Cet article avait pour objectif de déterminer la prévalence de doses de médicaments « non mesurables », soit trop petites ou impossibles à mesurer avec précision, chez les patients pédiatriques d’un hôpital tertiaire académique mère-enfant américain de 354 lits. Le texte complet est disponible gratuitement sur PubMed Central. Les patients de moins de 18 ans admis sur une période d’une semaine, du 11 au 17 août 2013, ont été inclus. Les médicaments étaient prescrits dans un dossier électronique commercial, qui pour la plupart des médicaments n’avait pas de fonctions d’arrondissement de dose, permettant donc de prescrire des doses avec plusieurs chiffres après la virgule. Les médicaments pour lesquels le concept d’arrondissement ne s’applique pas (topiques, gouttes, perfusions continues…) ont été exclus, de même que l’insuline.

Les auteurs ont défini une dose non mesurable comme une dose précise à <0,1 unité (unité étant mg ou mcg selon le médicament) pour les patients hors néonatologie, et précise à <0,01 unité en néonatologie, ou bien une dose de <0,1 mL hors néonatologie, ou <0,01 mL en néonatologie. Une régression logistique multivariée à deux niveaux a été réalisée pour tenir compte des multiples médicaments chez un même patient et de plusieurs patients par prescripteur.

395 patients ont été admis durant l’étude, dont 391 ont eu des prescriptions de médicament. Quatre autre patients ont été exclus en raison de données manquantes. Pour les 387 patients restants 686 prescriptions ont été exclues car elles étaient pour des médicaments exclus. 2426 prescriptions ont été incluses, parmi celles-ci 723 (29,8%) étaient non arrondies ou non mesurables. L’analyse multivariée a montré que les facteurs liés au patient et au médicament prédisaient mieux le non-arrondissement que les facteurs liés au prescripteur; notamment avec un odds de dose non-arrondie diminuant de 4% pour chaque augmentation de 1 kg du poids du patient.

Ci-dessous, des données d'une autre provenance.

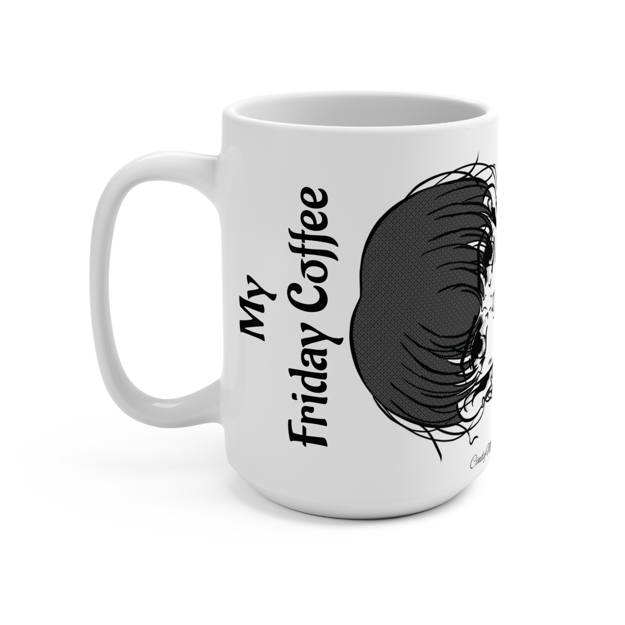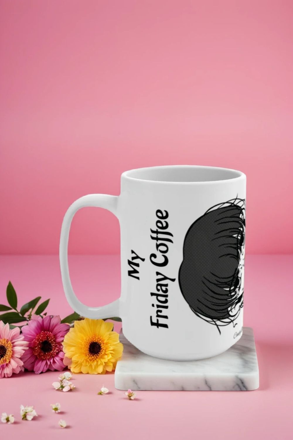 Crafted from high-quality white ceramic with a glossy finish, this mug is designed for comfort and durability, whether you’re sipping your coffee, tea, or relaxing at home. The Friday Mug’s generous 15oz size and sturdy design make it perfect for those who like their beverages with a bit of drama.

Les auteurs discutent des implications des doses non mesurables ou non arrondies, notamment le risque associé aux erreurs de mesure en raison de la mauvaise correspondance des volumes à mesurer aux unités de mesure des seringues. Des études ont rapporté l’utilisation de protocoles pour l’arrondissement des doses, dans certains cas pilotés par des pharmaciens. Il est aussi possible d’intégrer l’arrondissement des doses au logiciel de prescription électronique. Cette avenue m’apparaît intéressante car elle permet d’aviser le prescripteur directement au moment de la prescription que la dose indiquée est trop petite pour être mesurée ou qu’elle ne correspond pas aux unités de mesure des seringues. En pratique, avec la prescription papier où le volume correspondant à la dose prescrite est parfois inconnu du prescripteur lors de la prescription, il m’arrive fréquemment de voir des doses non mesurables (<0,02 mL mesurées dans une seringue graduée aux 0,01 mL) ou prescrites avec beaucoup trop de précision pour les outils disponibles. Citons en exemple l’énoxaparine, concentrée à 100 mg/mL mais souvent prescrite à des doses inférieures à 10 mg pour de très jeunes patients. Dans ce genre de cas, il est fréquent de voir des doses prescrites avec plusieurs chiffres après la virgule, alors que ce degré de précision n’est pas atteignable avec une seringue de 1 mL qui est graduée aux 0,01 mL (1 mg dans ce cas). Une étude s’est d’ailleurs penchée sur ce problème spécifiquement et a montré que l’arrondissement au mg est faisable et sécuritaire. De plus, on sait que la précision d’une seringue diminue rapidement lorsque le volume est faible; il est illusoire de prétendre que les doses administrées lorsqu’on s’approche du minimum mesurable sont précises. Dans ce genre de circonstances, les patients sont probablement exposés à des quantités très variables du médicament de dose en dose. L’alerte directe au prescripteur dans le logiciel de prescription me semble l’avenue à privilégier pour améliorer cette situation.